▶ _Task item_:
Return the lines that run from the beginning of the entries to the line holding "此外,3053只个股被主力资", inclusive, and drop the pictures.

Records drawn from a dataset:
-*-

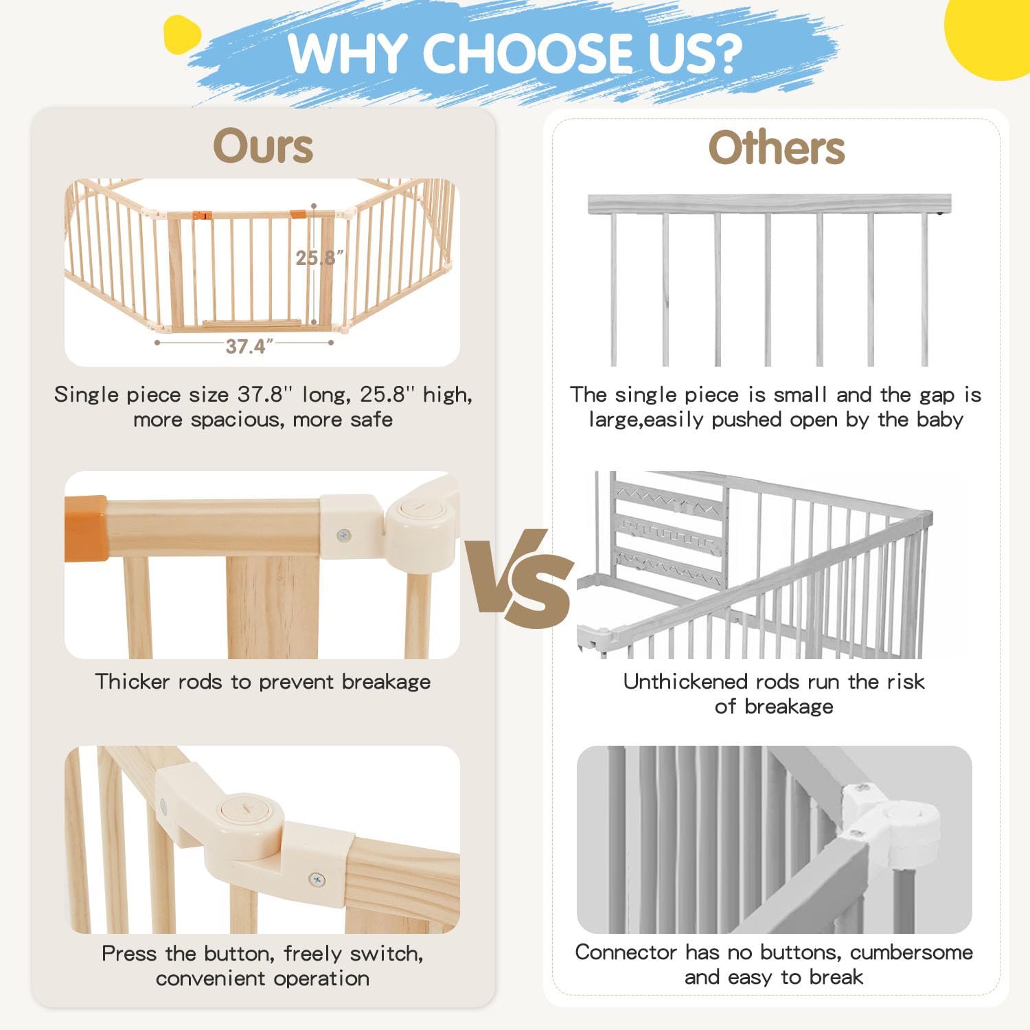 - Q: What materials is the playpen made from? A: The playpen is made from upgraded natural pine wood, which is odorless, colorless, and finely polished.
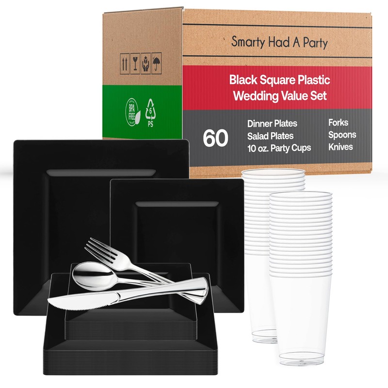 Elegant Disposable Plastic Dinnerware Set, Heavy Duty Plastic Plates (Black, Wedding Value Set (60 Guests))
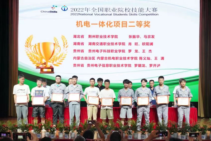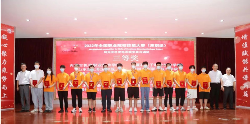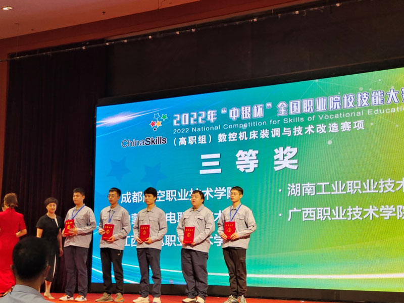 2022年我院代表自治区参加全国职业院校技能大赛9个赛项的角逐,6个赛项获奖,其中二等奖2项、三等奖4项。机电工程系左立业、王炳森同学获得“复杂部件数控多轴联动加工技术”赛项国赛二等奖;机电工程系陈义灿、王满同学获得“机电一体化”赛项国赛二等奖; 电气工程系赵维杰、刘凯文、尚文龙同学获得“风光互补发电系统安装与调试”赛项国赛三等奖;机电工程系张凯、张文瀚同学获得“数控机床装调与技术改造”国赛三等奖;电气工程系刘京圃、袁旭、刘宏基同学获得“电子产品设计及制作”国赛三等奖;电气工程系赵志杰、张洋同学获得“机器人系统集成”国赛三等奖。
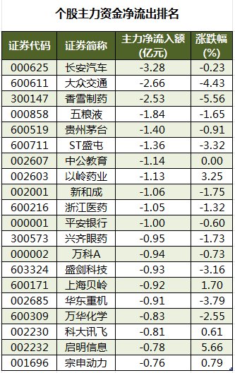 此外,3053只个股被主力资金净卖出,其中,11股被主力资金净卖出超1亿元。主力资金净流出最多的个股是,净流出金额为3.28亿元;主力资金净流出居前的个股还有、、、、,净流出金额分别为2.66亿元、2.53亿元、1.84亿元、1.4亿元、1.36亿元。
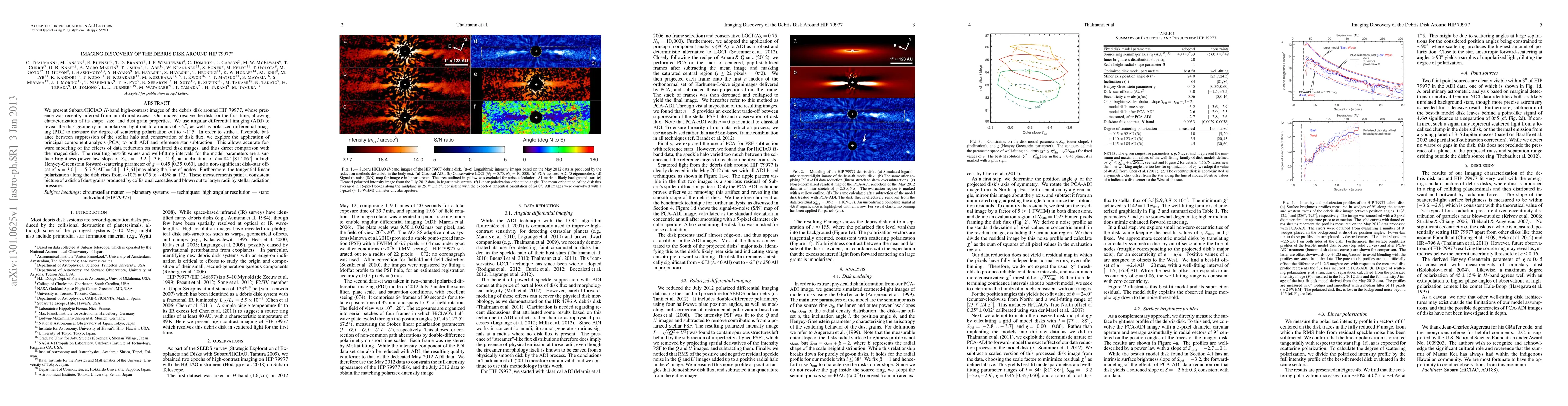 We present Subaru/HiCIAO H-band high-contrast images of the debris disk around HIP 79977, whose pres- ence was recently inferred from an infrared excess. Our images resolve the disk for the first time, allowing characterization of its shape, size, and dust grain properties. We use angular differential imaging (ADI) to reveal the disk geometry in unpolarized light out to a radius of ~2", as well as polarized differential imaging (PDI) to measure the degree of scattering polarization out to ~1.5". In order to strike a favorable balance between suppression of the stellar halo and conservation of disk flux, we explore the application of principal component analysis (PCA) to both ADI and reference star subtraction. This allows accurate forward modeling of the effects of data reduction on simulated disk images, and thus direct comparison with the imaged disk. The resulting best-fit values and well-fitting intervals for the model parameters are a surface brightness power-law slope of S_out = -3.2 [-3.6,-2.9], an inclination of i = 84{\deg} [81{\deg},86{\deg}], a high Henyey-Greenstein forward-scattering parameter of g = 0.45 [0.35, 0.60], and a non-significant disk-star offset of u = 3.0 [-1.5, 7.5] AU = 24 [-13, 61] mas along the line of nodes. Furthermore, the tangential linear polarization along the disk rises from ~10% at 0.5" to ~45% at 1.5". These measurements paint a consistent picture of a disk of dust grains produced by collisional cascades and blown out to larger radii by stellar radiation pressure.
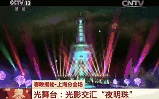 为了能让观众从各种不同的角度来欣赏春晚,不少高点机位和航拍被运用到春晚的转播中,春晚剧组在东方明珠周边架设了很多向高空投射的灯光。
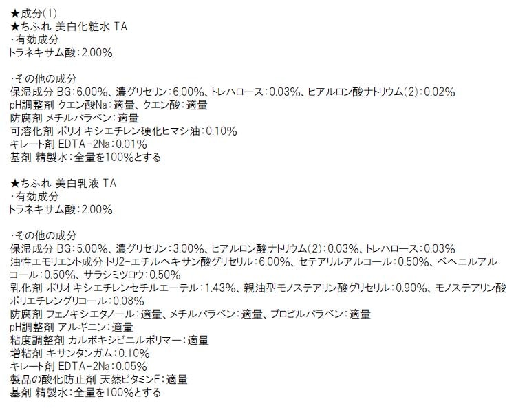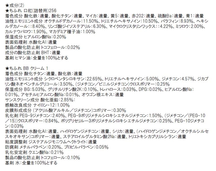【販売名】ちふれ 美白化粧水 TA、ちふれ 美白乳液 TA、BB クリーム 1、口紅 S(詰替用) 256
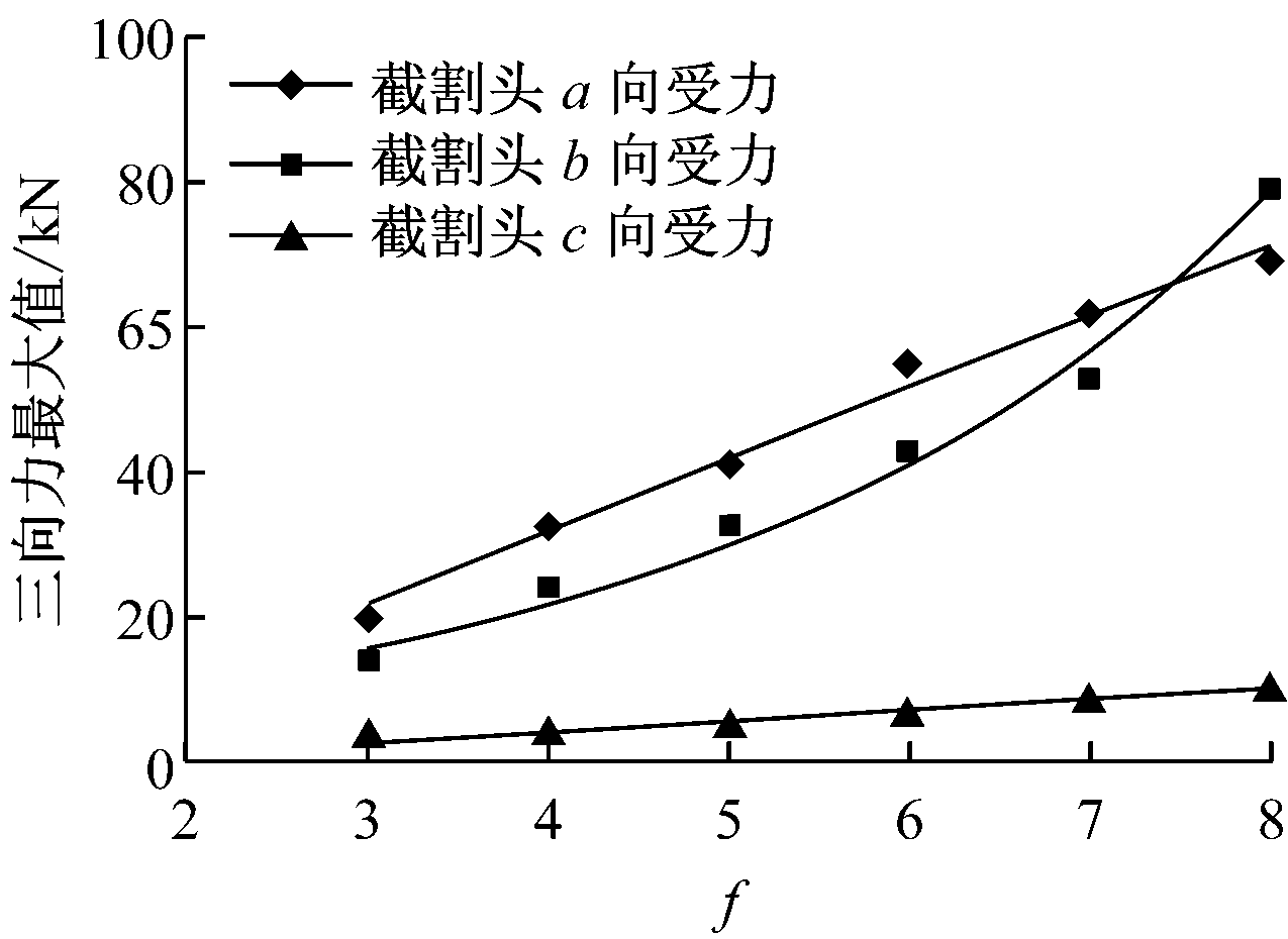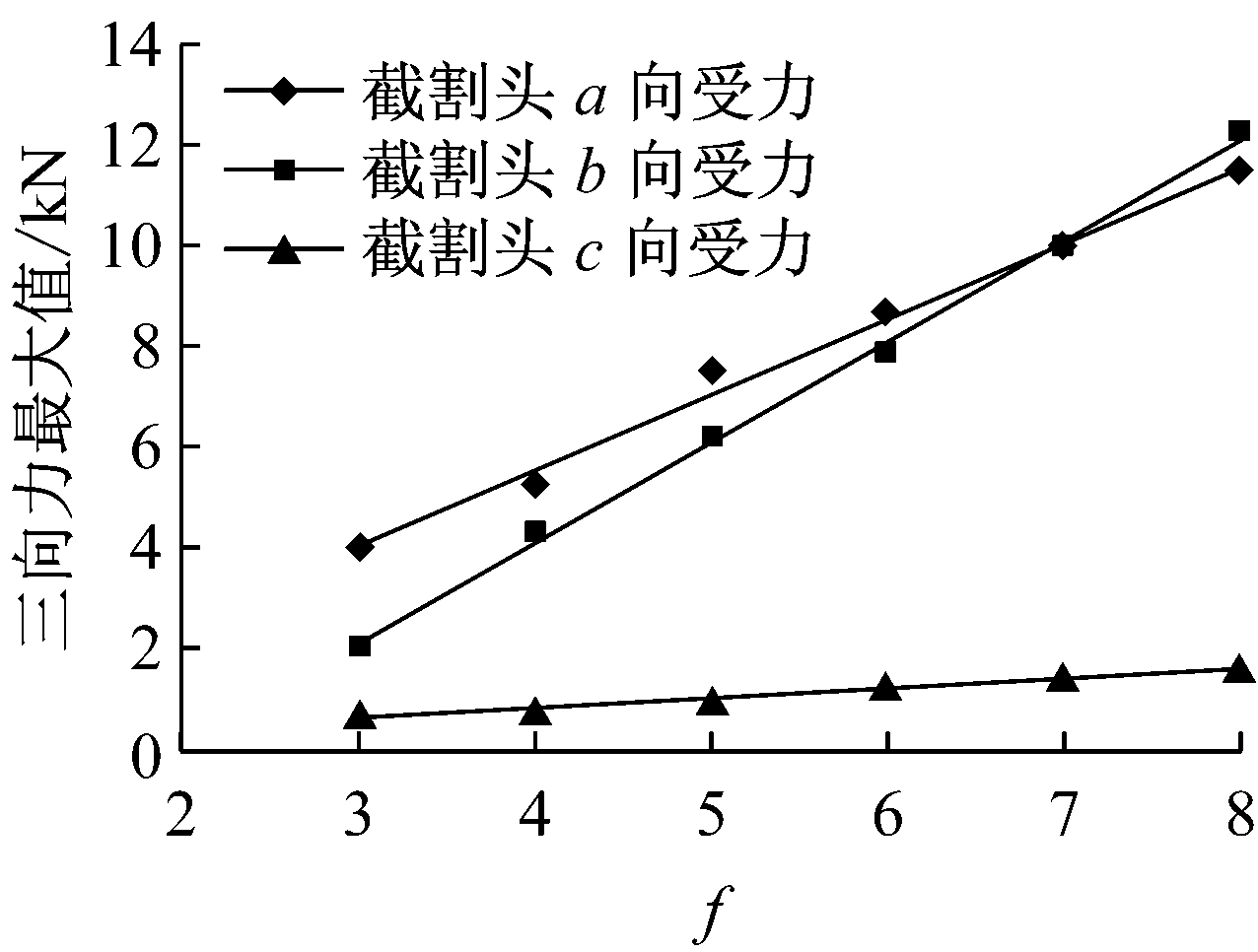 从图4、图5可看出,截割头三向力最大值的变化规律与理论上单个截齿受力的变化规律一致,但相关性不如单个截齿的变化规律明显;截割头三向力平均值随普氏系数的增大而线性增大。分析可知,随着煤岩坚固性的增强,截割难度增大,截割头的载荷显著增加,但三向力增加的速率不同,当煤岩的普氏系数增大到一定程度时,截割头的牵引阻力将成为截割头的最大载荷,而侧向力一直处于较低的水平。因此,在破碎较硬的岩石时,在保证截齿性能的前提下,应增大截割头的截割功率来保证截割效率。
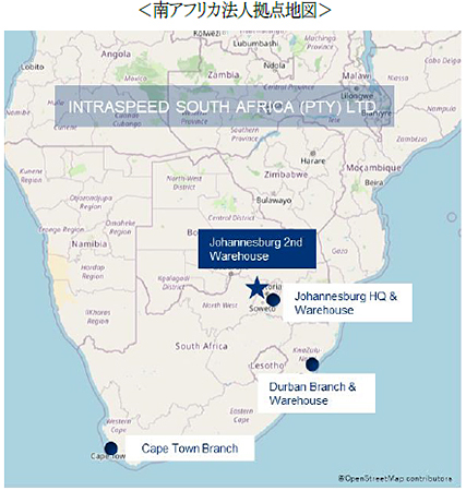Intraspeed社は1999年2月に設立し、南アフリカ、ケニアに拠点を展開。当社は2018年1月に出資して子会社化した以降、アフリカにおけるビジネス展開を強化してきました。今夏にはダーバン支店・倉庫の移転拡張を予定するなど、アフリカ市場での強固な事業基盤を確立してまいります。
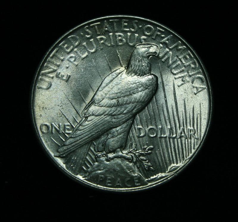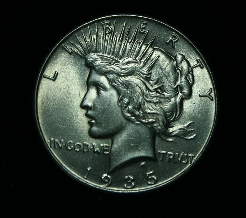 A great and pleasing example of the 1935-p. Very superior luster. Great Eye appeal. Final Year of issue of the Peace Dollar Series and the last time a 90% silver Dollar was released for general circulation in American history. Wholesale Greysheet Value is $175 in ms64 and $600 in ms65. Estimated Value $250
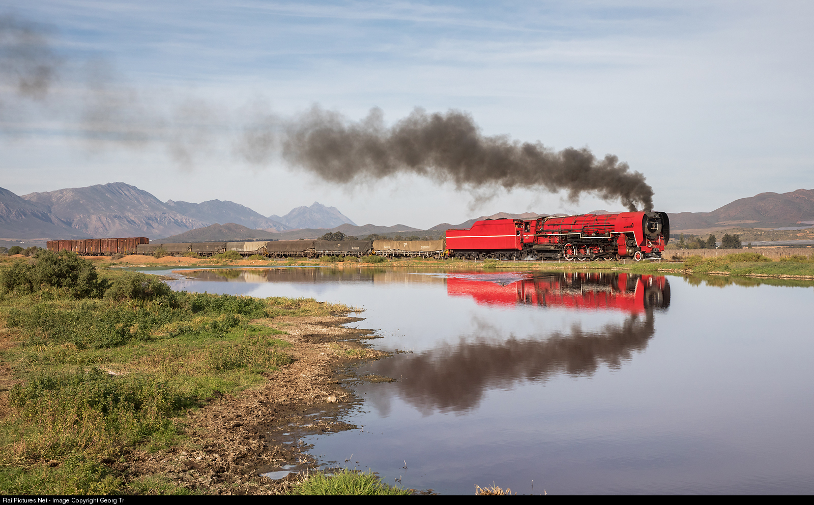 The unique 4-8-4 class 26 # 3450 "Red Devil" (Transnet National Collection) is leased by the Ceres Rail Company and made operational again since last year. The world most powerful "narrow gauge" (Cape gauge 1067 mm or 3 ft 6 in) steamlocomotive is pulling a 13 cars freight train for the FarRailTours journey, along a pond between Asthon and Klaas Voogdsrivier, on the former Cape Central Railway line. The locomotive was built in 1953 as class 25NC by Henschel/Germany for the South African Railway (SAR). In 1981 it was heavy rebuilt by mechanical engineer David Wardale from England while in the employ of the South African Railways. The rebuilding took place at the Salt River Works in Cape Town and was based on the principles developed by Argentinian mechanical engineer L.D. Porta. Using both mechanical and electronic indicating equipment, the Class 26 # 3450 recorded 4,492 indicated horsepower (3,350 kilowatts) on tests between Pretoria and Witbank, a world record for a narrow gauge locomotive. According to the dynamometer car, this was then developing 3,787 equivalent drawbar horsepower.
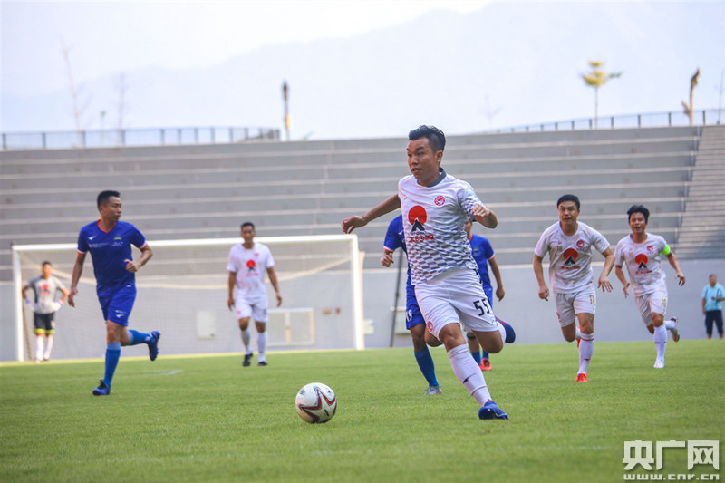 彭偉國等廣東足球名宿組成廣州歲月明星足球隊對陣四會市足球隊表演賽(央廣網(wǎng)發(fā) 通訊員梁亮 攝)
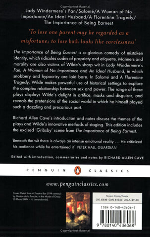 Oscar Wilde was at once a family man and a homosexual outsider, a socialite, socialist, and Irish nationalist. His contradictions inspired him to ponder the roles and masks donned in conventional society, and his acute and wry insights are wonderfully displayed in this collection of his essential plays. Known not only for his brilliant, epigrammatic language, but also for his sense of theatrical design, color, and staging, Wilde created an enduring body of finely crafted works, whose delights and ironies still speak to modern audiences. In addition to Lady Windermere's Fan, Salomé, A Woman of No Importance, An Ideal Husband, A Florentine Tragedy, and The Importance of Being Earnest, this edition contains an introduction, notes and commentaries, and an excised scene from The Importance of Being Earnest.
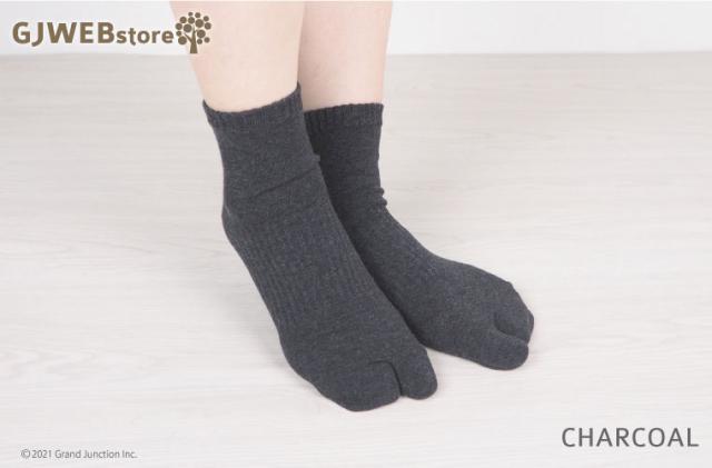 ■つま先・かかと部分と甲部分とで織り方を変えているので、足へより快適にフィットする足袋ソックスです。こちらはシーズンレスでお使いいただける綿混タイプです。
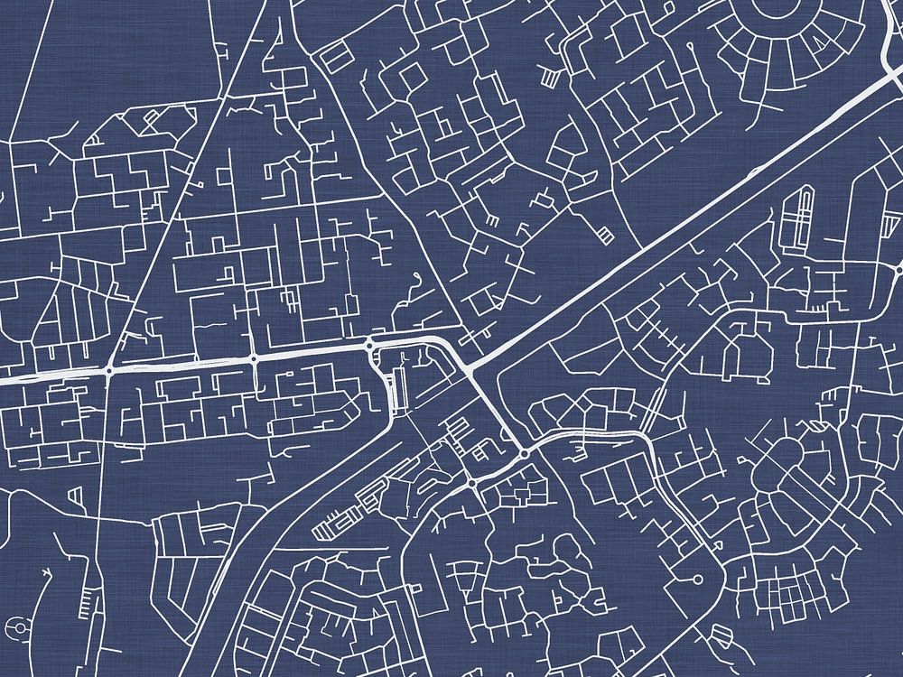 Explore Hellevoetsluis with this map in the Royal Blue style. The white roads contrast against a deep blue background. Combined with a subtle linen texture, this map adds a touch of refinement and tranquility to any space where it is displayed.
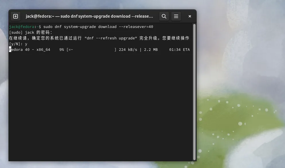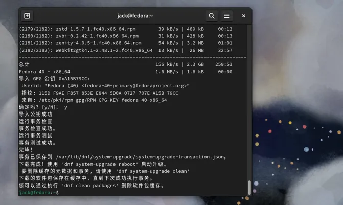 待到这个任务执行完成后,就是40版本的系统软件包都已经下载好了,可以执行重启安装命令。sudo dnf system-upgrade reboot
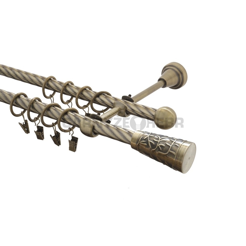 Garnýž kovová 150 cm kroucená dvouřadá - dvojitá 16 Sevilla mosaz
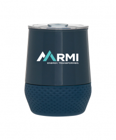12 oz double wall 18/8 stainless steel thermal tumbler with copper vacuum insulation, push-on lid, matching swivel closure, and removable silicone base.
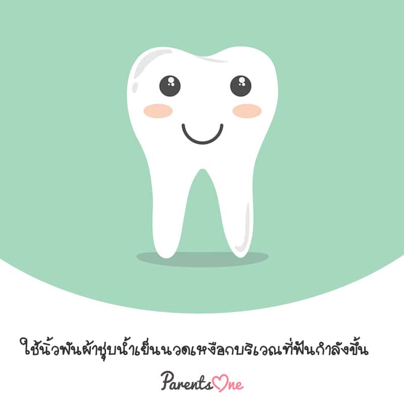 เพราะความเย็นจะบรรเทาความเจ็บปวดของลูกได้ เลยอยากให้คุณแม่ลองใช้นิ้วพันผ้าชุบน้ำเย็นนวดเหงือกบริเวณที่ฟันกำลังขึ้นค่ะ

-*-

▶ _Completed exercise_:
 - Q: What materials is the playpen made from? A: The playpen is made from upgraded natural pine wood, which is odorless, colorless, and finely polished.
 Elegant Disposable Plastic Dinnerware Set, Heavy Duty Plastic Plates (Black, Wedding Value Set (60 Guests))
 2022年我院代表自治区参加全国职业院校技能大赛9个赛项的角逐,6个赛项获奖,其中二等奖2项、三等奖4项。机电工程系左立业、王炳森同学获得“复杂部件数控多轴联动加工技术”赛项国赛二等奖;机电工程系陈义灿、王满同学获得“机电一体化”赛项国赛二等奖; 电气工程系赵维杰、刘凯文、尚文龙同学获得“风光互补发电系统安装与调试”赛项国赛三等奖;机电工程系张凯、张文瀚同学获得“数控机床装调与技术改造”国赛三等奖;电气工程系刘京圃、袁旭、刘宏基同学获得“电子产品设计及制作”国赛三等奖;电气工程系赵志杰、张洋同学获得“机器人系统集成”国赛三等奖。
 此外,3053只个股被主力资金净卖出,其中,11股被主力资金净卖出超1亿元。主力资金净流出最多的个股是,净流出金额为3.28亿元;主力资金净流出居前的个股还有、、、、,净流出金额分别为2.66亿元、2.53亿元、1.84亿元、1.4亿元、1.36亿元。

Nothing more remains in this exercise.